Dasari Bobby V M, Hodson James, Sutcliffe Robert P, Marudanayagam Ravi, Roberts Keith J, Abradelo Manuel, Muiesan Paolo, Mirza Darius F, Isaac John
Deptartment of HPB and Liver Transplantation surgery, Queen Elizabeth Hospital Birmingham, Birmingham, United Kingdom.
Institute of Translational Medicine, Queen Elizabeth Hospital Birmingham, Birmingham, United Kingdom.
J Surg Oncol. 2019 Mar;119(4):472-478. doi: 10.1002/jso.25350. Epub 2019 Jan 13.
Hepatobiliary surgeons continue to expand the pool of patients undergoing liver resection using combinations of surgical and interventional procedures with chemotherapy. Improved perioperative care allows for operation on higher risk surgical patients. Postoperative outcomes, including 90-day mortality that improved over the past decade but still varies across cohorts. This study developed a preoperative risk score, on the basis significant clinical and laboratory variables, to predict 90-day mortality after hepatectomy.
All patients who underwent hepatectomy between 2011 and 2016 were included. Univariable and multivariable analyses were performed to identify the predictors of postoperative mortality and a risk score was derived and validated.

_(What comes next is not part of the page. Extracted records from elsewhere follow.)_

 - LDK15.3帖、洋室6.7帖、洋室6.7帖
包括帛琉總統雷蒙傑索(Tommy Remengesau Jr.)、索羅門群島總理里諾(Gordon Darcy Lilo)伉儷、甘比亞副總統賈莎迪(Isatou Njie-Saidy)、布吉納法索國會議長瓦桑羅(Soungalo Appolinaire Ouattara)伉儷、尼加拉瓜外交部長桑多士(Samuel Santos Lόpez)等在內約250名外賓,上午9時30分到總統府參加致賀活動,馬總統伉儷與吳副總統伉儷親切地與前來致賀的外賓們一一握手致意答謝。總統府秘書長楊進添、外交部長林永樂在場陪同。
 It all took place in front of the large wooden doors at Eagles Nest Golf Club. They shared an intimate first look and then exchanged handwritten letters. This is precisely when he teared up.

The overall 90-day mortality rate in the derivation cohort (n = 1269 patients) was 4.0% (N = 51). Increasing patient age (P < 0.001), extent of resection (P = 0.001), diabetes mellitus (P = 0.006), and low preoperative sodium (P = 0.012) were predictors of the increased 90-day mortality in the multivariable analysis. The risk model developed based on these factors had an AUROC of 0.778 (P < 0.001) and remained significant in a validation cohort of 788 patients (AUROC: 0.703, P < 0.001).
The proposed preoperative risk score to predict 90-day mortality after liver resection could be useful for appropriate counseling, optimization, and risk-adjusted assessment of surgical outcomes.

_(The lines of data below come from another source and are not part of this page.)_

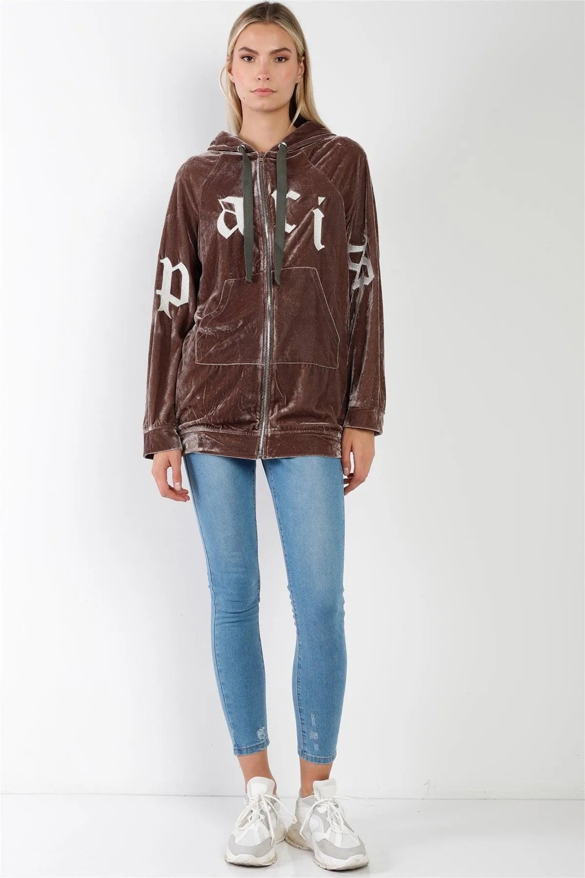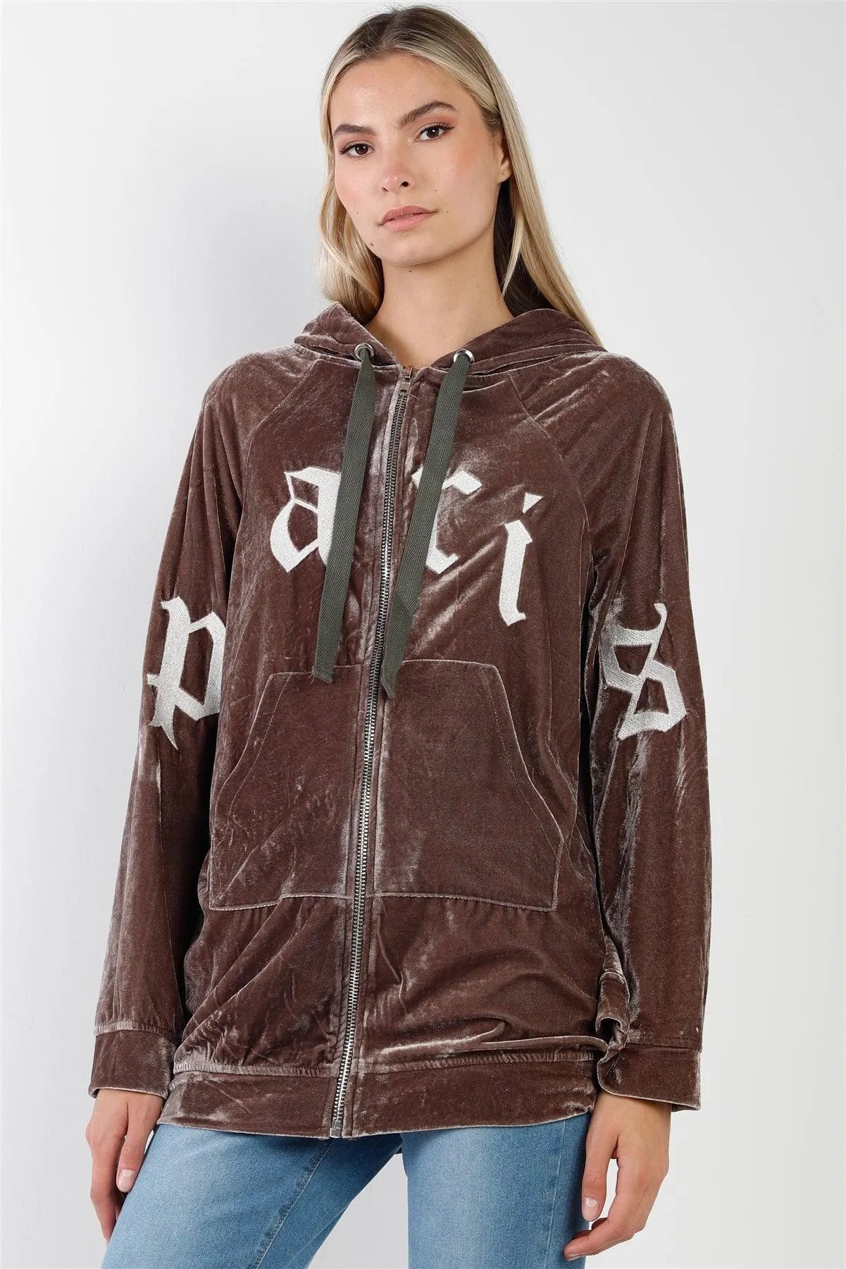 Toffee Graphic Letters Zip Up Hoodie Drawstring Velvet Sweater /3-2-1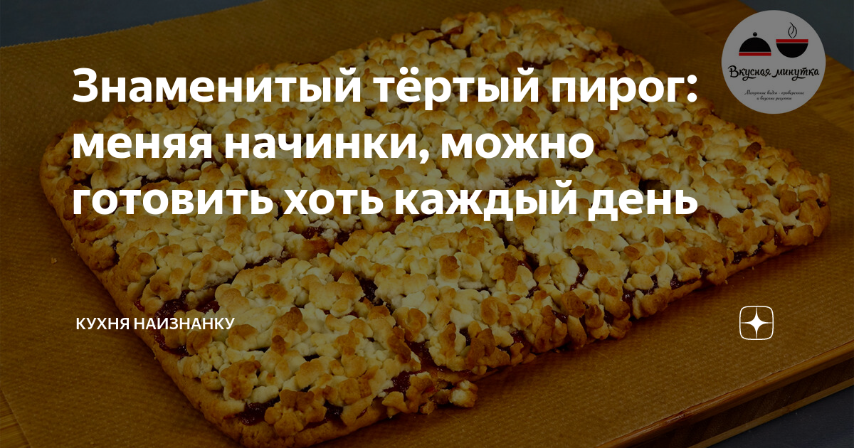 Знаменитый тёртый пирог: меняя начинки, можно готовить хоть каждый день Тёртый пирог. Этот рецепт, я думаю, знают все. С любой начинкой такой пирог получается очень вкусный, а готовится очень просто!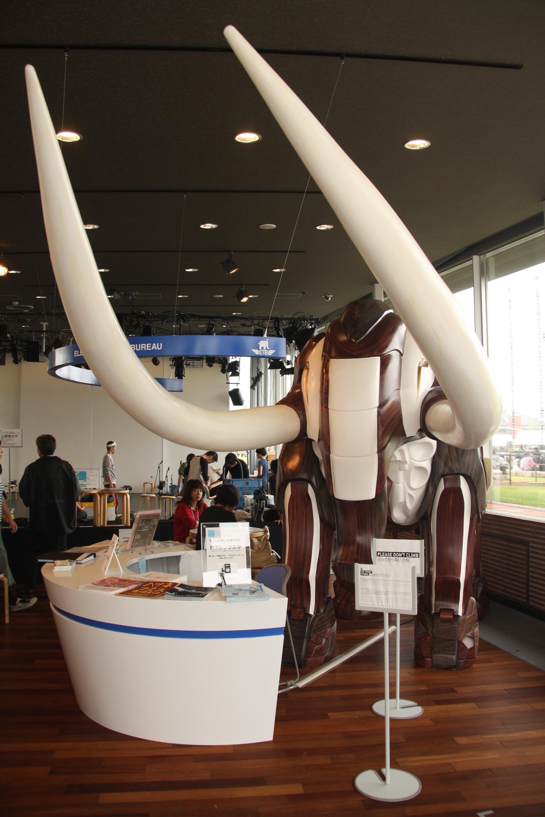 象の鼻パークホールのシンボルオブジェ”ペリー(時をかける象)”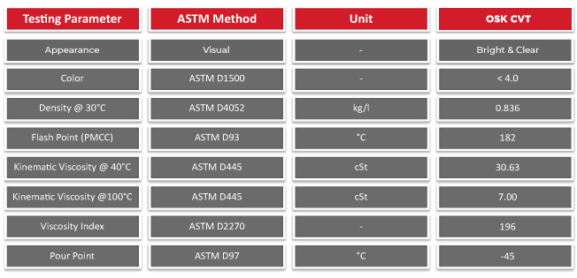 OSK FULLY SYNTHETIC CVT FLUID is a premium fully synthetic transmission fluid formulated for use in vehicles equipped with chain or push belt Continuously Variable Transmissions (CVT). It is combined with highly sophisticated additive package to provide critical functional and viscosity for the special transmissions.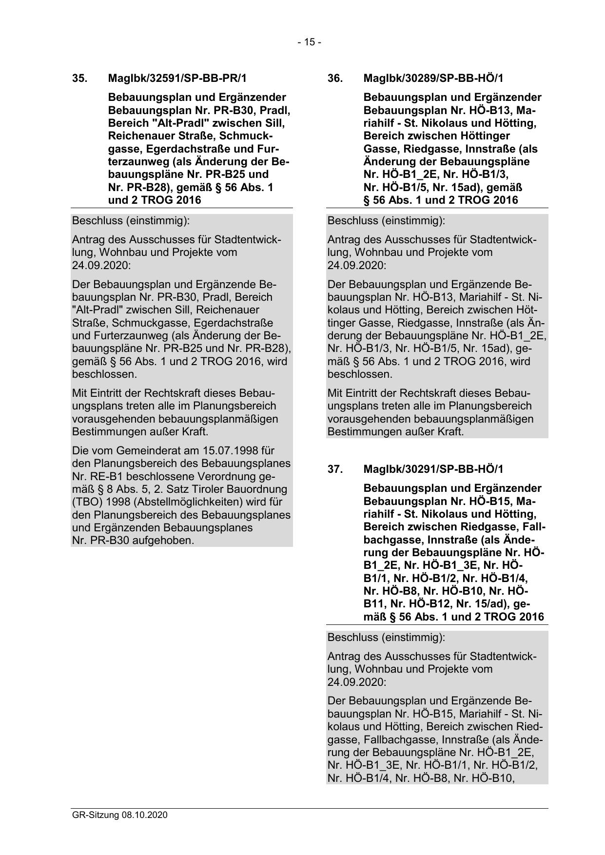 Der Bebauungsplan und Ergänzende Bebauungsplan Nr. HÖ-B15, Mariahilf - St. Nikolaus und Hötting, Bereich zwischen Riedgasse, Fallbachgasse, Innstraße (als Änderung der Bebauungspläne Nr. HÖ-B1_2E,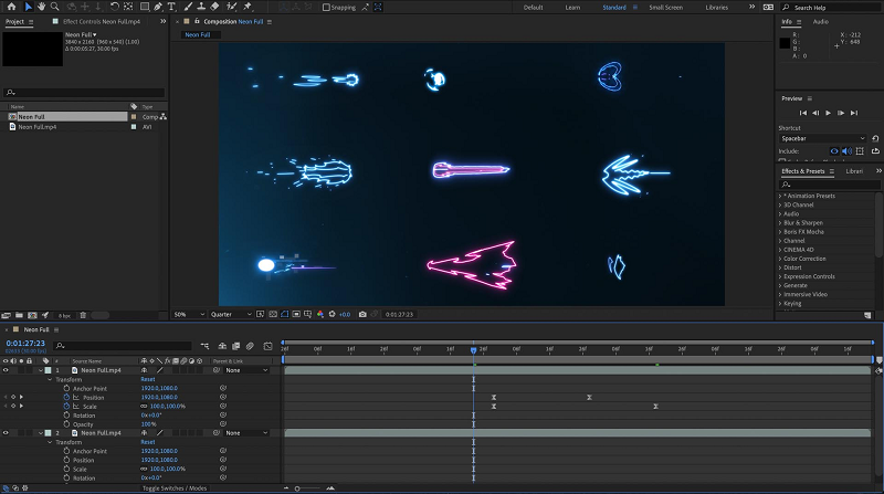 After Effects là một ứng dụng phần mềm đa năng cho phép bạn tạo đồ họa chuyển động, hiệu ứng hình ảnh và hoạt ảnh tuyệt đẹp. Nó có sẵn cho cả máy tính Mac OS và Windows, giúp nhiều người dùng có thể truy cập được. Mặc dù After Effects không phải là phần mềm chỉnh sửa video, nhưng nó thường được sử dụng cùng với các công cụ chỉnh sửa video để nâng cao và thêm hiệu ứng cho cảnh quay.

肝胆外科医生不断扩大接受肝切除术患者的范围,采用手术、介入治疗与化疗相结合的方法。围手术期护理的改善使得对手术风险较高的患者也能进行手术。术后结局,包括90天死亡率在过去十年有所改善,但在不同队列中仍存在差异。本研究基于显著的临床和实验室变量制定了术前风险评分,以预测肝切除术后的90天死亡率。
纳入2011年至2016年间接受肝切除术的所有患者。进行单变量和多变量分析以确定术后死亡率的预测因素,并得出并验证风险评分。

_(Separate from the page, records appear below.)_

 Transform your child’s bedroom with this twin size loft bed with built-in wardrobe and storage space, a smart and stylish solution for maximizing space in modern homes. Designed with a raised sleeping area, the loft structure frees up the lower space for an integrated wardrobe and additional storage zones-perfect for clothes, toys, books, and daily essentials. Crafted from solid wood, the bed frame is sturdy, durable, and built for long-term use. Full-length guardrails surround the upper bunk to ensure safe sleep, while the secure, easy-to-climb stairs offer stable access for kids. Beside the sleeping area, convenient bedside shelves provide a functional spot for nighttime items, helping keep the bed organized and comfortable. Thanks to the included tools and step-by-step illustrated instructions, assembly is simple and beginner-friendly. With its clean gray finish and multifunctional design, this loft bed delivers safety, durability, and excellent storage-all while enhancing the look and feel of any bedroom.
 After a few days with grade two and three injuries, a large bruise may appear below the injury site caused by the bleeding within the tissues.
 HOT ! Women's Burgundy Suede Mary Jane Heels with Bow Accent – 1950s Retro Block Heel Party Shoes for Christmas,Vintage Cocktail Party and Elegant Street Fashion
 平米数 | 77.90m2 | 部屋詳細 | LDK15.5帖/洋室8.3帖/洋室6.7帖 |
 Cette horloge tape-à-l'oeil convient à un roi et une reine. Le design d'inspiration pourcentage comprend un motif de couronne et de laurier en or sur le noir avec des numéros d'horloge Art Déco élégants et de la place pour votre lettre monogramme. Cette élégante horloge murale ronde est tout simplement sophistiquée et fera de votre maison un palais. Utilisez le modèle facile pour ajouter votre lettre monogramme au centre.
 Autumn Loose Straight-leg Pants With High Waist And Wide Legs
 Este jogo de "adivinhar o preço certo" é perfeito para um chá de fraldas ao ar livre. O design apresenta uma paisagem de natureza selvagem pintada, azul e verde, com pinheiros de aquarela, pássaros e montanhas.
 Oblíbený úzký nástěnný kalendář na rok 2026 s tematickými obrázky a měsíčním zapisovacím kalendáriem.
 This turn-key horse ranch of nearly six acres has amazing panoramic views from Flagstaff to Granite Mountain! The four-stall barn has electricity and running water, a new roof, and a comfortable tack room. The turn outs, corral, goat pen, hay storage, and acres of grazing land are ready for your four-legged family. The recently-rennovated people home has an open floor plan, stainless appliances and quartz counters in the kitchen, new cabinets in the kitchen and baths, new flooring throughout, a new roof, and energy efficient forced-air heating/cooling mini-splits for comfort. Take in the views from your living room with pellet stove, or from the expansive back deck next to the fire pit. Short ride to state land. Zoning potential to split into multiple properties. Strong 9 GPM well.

推导队列(n = 1269例患者)的总体90天死亡率为4.0%(N = 51)。在多变量分析中,患者年龄增加(P < 0.001)、切除范围(P = 0.001)、糖尿病(P = 0.006)和术前低钠血症(P = 0.012)是90天死亡率增加的预测因素。基于这些因素建立的风险模型的曲线下面积(AUROC)为0.778(P < 0.001),在788例患者的验证队列中仍然具有显著性(AUROC:0.703,P < 0.001)。
所提出的预测肝切除术后90天死亡率的术前风险评分可能有助于进行适当的咨询、优化以及对手术结局进行风险调整评估。